03/19/2026
Ann Oakley wrote that housework stands directly against the possibility of human self-actualisation, and the force of that line rests on time. On what happens to a person when most of her hours are spent maintaining rather than building.
Oakley was interviewing housewives in Britain in the early seventies, women whose education often ended at marriage, whose economic survival was tied to a husband’s wage. She asked them to describe their days. They described being busy. Very busy. And then, when she pressed on satisfaction, many struggled. That gap between busyness and growth bothers me because it still exists. A diary can be full and a life can still feel stalled.
Self-actualisation, the phrase Oakley borrows from Maslow’s psychology, assumes a self that expands through challenge. Maslow wrote about becoming what you are capable of becoming. That requires sustained effort toward a goal that stretches you. It requires feedback that tells you that you are improving. Now place that beside a task that resets each morning. Clean, cook, tidy and repeat. The repetition is relentless. Improvement has no obvious endpoint because the standard is simple: keep things from falling apart.

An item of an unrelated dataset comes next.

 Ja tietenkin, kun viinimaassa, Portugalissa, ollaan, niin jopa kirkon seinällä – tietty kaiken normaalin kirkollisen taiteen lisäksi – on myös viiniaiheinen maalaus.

And that is where Simone de Beauvoir slips into the picture without needing to be formally introduced. She wrote about women being cast as supporting characters in men’s lives. You can see how domestic labour quietly scripts that role. The household functions so that someone else can pursue a career with promotions and pay rises. The person ensuring that function may be highly capable, but her capability is funnelled into stability rather than expansion. Over years that funnel shapes ambition itself. You might stop imagining a larger project because the daily project never ends.
Betty Friedan listened to American women who found themselves crying in suburban bathrooms despite material comfort. She described a dissatisfaction that did not announce itself in dramatic declarations. It appeared in acts such as overeating, daytime drinking, picking arguments. That behaviour reads differently once you consider Oakley’s interviews. If your work produces no visible growth, your energy has to go somewhere. Restlessness can become misdirected because it has no sanctioned outlet.

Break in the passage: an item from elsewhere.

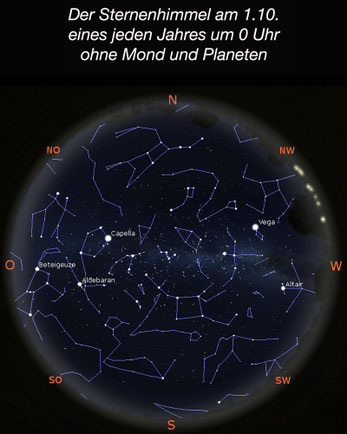 Bevor Sie mit der Beobachtung beginnen, informieren Sie sich, wann die Sonne untergeht und beginnen dann die Beobachtungen mindestens eineinhalb Stunden später, so dass der Himmel richtig dunkel ist. Der volle Mond sollte für eine gute Sicht auf die Sterne nicht am Himmel stehen, denn das Mondlicht scheint so hell, dass schwächere Sterne oder die Milchstraße kaum zu sehen sind. Unten auf dieser Seite finden Sie einen Mondkalender. Etwa vom 21. Mai bis zum 21. Juli werden die Nächte durch die Mitternachtsdämmerung nicht vollständig dunkel. Die hellste ist auch gleichzeitig die kürzeste Nacht des Jahres am 21. Juni.

Then Arlie Hochschild, writing later about the second shift, shows how this pattern did not disappear when women entered paid employment. They came home to cook and clean after a full day at the office. Even in couples who described themselves as equal, she found that women often carried the mental inventory. That constant tracking fractures attention. Creative work requires long stretches of concentration. If you are half thinking about a report and half thinking about school uniforms, your cognitive energy is split. Over time that split can become normal. You adapt to interruption and stop expecting depth.
There is also the moral layer that threads through all of this. A messy house is read as a failure in a way a stalled inner life is not. Visitors notice dust but not unrealised potential. Women absorb that early. Competence at home becomes proof of worth and pride in that competence is understandable. It takes intelligence and stamina to run a household well. The difficulty begins when that arena becomes the only acceptable place to exercise drive.
Oakley’s claim is bold because it suggests that the structure of housework works against the very conditions needed for growth. Autonomy is limited because tasks are dictated by others’ needs. Recognition is scarce because success is invisible and progres is hard to measure because the work erases itself. Each of those conditions chips away at the ingredients Maslow believed were necessary for fulfilment.
Of course, the context has changed since the seventies. Women in Britain today are more likely to have degrees, paid jobs and financial independence. Contraception and divorce law altered the stakes. Still, data show that women still perform more unpaid domestic labour than men. The imbalance may be smaller, but it persists. Many women now pursue ambition in the margins of the day. After bedtime. Before dawn and in the cracks between responsibilities.
And this is where the line stops being historical and starts feeling personal in a broader cultural sense. If a woman’s daily practice trains her to anticipate others’ needs first, to value smoothness over disruption, to measure success by the absence of complaint, then self-actualisation demands behaviour that runs counter to that training. It demands saying no and allowing a mess to remain while a project takes precedence. It demands tolerating disapproval.
The question that follows is not whether housework has value. It clearly does and families rely on it. The question is how a society distributes that labour and what it asks of the person who performs it most. If the answer continues to be women, then the conflict Oakley pointed to has not dissolved. It has simply adapted to a new timetable.